Characterizing the effects of model structural uncertainty requires the use of multiple different climate models for producing your range of future climate projections. However, for most applications, it’s not practical to use every single bit of data available on the ESGF, especially since many different Source IDs are not really independent models. Section 2.3 mentioned how some models share large amounts of common code, but additionally, some model centres submit runs from slightly modified versions of the same model, either with different horizontal resolutions (i.e. BCC-CSM2-HR and BCC-CSM2-MR) or the representation of the upper atmosphere (CESM2 and CESM2-WACCM). Paring down your multi-model ensemble by choosing only one model from each modeling centre is a good first step in model selection, which should retain a substantial amount of the variations in model code. You could also choose to eliminate models which use a 360 day calendar. Finally, you could also perform some preliminary analysis on the raw model projected changes to the climate variable(s) needed to calculate your climate indicator(s), and choose the two models that fall in the lower and upper ends of the overall range to continue with for downscaling and further analysis. There is no universally agreed upon best method for selecting models to use in a climate impact study, so any of the practical methods described herein are reasonable.
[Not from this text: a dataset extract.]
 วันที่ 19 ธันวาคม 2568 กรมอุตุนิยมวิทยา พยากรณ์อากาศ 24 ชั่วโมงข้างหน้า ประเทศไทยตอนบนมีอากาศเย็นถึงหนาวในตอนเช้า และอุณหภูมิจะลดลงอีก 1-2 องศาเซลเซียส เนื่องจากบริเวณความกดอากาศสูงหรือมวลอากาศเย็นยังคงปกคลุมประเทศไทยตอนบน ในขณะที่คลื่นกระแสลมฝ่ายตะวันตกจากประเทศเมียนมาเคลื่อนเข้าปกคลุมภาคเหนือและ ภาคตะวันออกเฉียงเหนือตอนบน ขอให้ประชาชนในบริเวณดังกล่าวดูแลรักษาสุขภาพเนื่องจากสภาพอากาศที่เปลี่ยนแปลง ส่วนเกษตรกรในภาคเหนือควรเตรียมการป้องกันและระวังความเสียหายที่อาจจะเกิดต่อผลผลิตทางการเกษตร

5.2.4.3 Ensemble Member Selection#

Section 2.3.2 discussed how internal climate variability is an important source of uncertainty in climate model projections, especially when focusing on regional or local climate. While many CMIP5 and CMIP6 models publish output from multiple ensemble members on the ESGF, some only submit a single simulation per scenario. For this reason, some studies choose to select only a single ensemble member from each model, to place each on an equal footing when aggregating results across models. This approach is acceptable if fluctuations due to internal variability are not likely to contribute substantially to the overall range of projections, such as for long time horizons or variables with a strong climate change signal (like temperature). For variables subject to greater degrees of internal variability, such as wind speeds or precipitation, you may not be able to separate a forced climate change signal from internal variability without using multiple ensemble members from each model.
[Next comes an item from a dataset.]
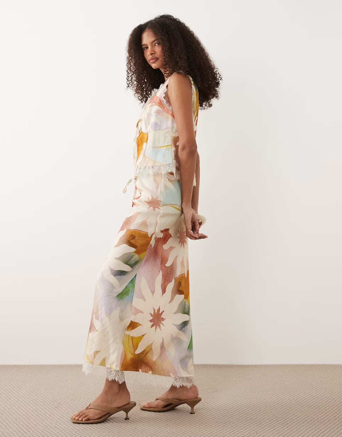 The ASOS Dorris Satin Maxi Skirt Co-ord in Soleil Print is made from satin, lace.

If computational resource constraints make it unfeasible for you to include multiple models and multiple ensemble members in your analysis, then you’ll need to prioritize either a multi-model ensemble or a single model, multi-member ensemble. The best option depends on whether model structural uncertainty or internal variability, dominates the spread in your variables of interest or climate indicator, across models and simulations. Determining this requires either reviewing the existing climate science literature relevant for your variables/application, or your own investigation using CMIP model data.

There are also some objective methods that can be used to reduce the size of your ensemble but maintain representation of the statistics of the overall ensemble. You can see some examples of these advanced methods here.